4 ways to improve RCM with blockchain

Hospitals and health systems today increasingly seek to improve revenue cycle management performance by reducing denials and boosting patient collections.

Blockchain technology, a permanent shared record of online transactions or exchanges, can help with these goals because it allows payers, providers and financial institutions to share information via private distributed ledgers. When this happens, it prospectively helps providers reduce claims denials and secure patient payments, says Lynn Carroll, chief of healthcare strategy and operations at HSBlox, an Atlanta-based provider of healthcare finance and IT solutions. It also helps payers to price and adjudicate claims, and release reimbursement in real time, immediately generating explanation of benefits for patients.

"Healthcare RCM today is primarily focused on correcting issues after they occur," he says. "Providers dedicate an inordinate amount of time, money and personnel appealing denials and often are at risk of patients not paying their portion of the bill, especially in these days of high-deductible health plans. Payers also expend a tremendous amount of resources processing claims that should be automatic. By using blockchain and machine learning, we are taking a prospective approach that helps providers and payer[s] avoid these issues, which will improve the entire revenue cycle for all — including patients/members."

Here, Mr. Carroll provides four ways to improve RCM with blockchain.

1. Value-based contracting initiatives. Healthcare organizations using value-based contracting initiatives can benefit from automation using smart contracts to administer bundled payments and episodic reimbursement models on blockchain, according to Mr. Carroll. He gave the specific examples of integrated delivery networks, hospitals or ASCs bearing risk for a total hip replacement. In those examples, all parties are involved in value-based contracting initiatives and must report/disclose quality data regarding care guidelines. "There will be an ultimate risk bearer, [and] there will be some post-acute service providers that may also be included in that bundle," says Mr. Carroll. "These folks are all under different trust boundaries meaning they have providence over their own data and have come together and contracted under a value-based reimbursement program like a bundle." By using smart contracts on distributed ledger technology, he says they can report their data at a granular level and as necessary on a permissioned basis among parties during the episodic event. That information then helps determine the reimbursement and how much money the parties will have to collect from the patient.

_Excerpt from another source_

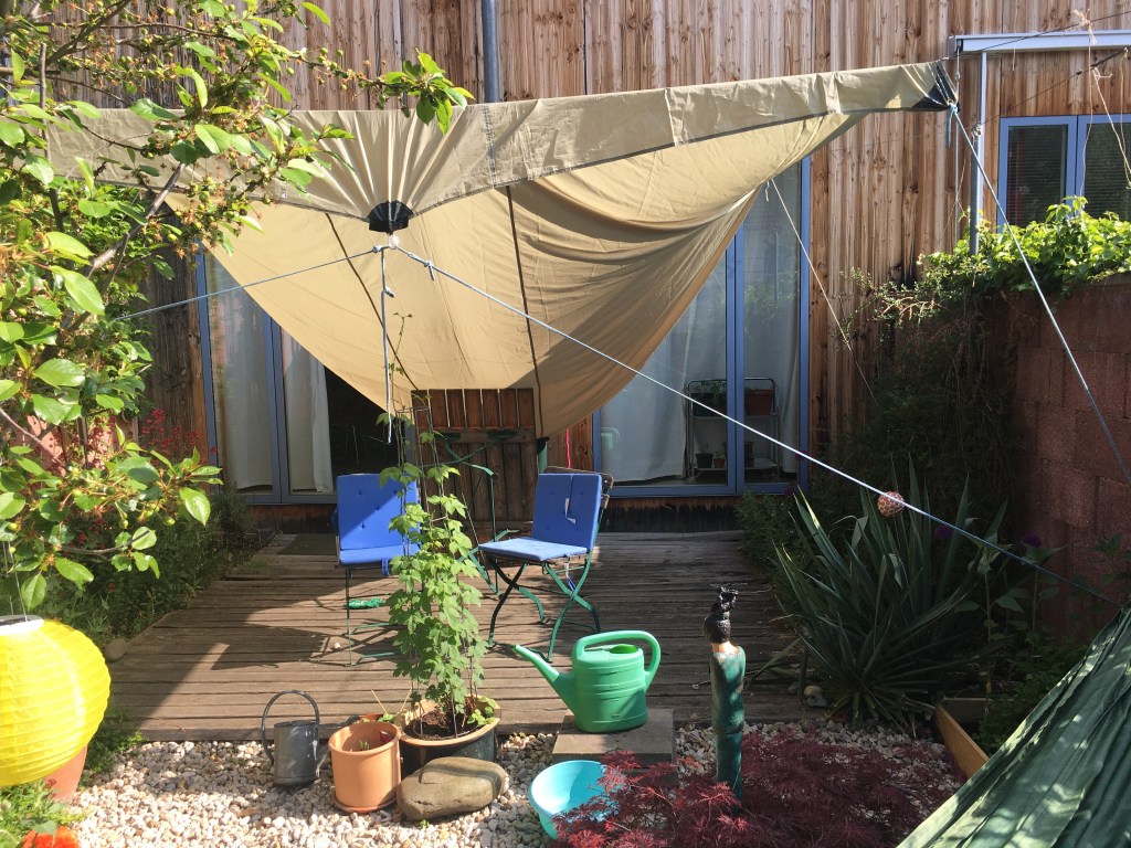 In diesem schönen Garten an dem schönen Haus haben wir schon einige Sommerfeste gefeiert. Leider werden die Bewohner in den nächsten Jahren wahrscheinlich Baustellenverkehr ertragen müssen. Bewohner der Straße im letzten Haus am Feldrand haben eine Bürgerinitiative gegen den Fruchtwechsel von Ackerland zu Bauland gegründet. Ein autofreies Wohngebiet mit Gärten und Bäumen sieht aus der Luft zumindest schön grün aus.

2. Real-time claims settlement and adjudication. Smart contracts on blockchain also allow for real-time claims administration and settlement processes, as well as EOB statements, at the point of service, according to Mr. Carroll. He says claims are quickly validated using machine learning across historical claims and remittance data, and claims administration, using smart contracts on distributed ledger technology, allows hospitals and health systems to settle claims in real time and generate EOBs for health plan members at the point of service. This could particularly be helpful during discharge. Mr. Carroll says the claim could be submitted at discharge, "bounce" against the smart contract with the payer, and the claim could be priced and settled in real time. He noted this creates improved efficiency for payers and faster reimbursement for providers.

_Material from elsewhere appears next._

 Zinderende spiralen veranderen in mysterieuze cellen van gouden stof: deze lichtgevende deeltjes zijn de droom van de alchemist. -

3. Point-of-service transparency for patients. For patients, real-time EOBs — generated at the point of service using smart contracts — provide transparency with respect to their financial responsibility. Mr. Carroll equated this to a consumer buying merchandise at a retail store. In that instance, he says, the receipt is the explanation of the purchase, but funds haven't moved until a settlement process occurs through banks. With the patient, they receive an EOB detailing patient responsibility and financing opportunities, validated by a rule set on the distributed ledger technology that include the payer, provider and financial institution, says Mr. Carroll. "So financing opportunities are granted or made available to the patient after input from the provider, payer and financial institution. So all [of those parties are] receiving real-time notifications on a blockchain-based solution for patient financing." He says providers also benefit from this because patients who know their financial responsibility and financing options may be more likely to pay or arrange for payment at the point of service.

4. Tailored patient financial programs. Through real-time claims validation and patient payment scoring indicating the patient's ability to pay, hospitals and health systems are able to partner with financial institutions in offering tailor made financial programs for patients, according to Mr. Carroll. One challenge for hospitals, however, is the reliance on workers at admitting and discharge to discuss financial programs with patients. But patients who do learn about their financial options enjoy the consumer-centric aspect, says Mr. Carroll. This is particularly true as patients take on more financial responsibility for their care due to the rise in popularity of high-deductible health plans. Providers are also likely to receive proper reimbursement in a timely manner.

Jessica Kim Cohen contributed to this report.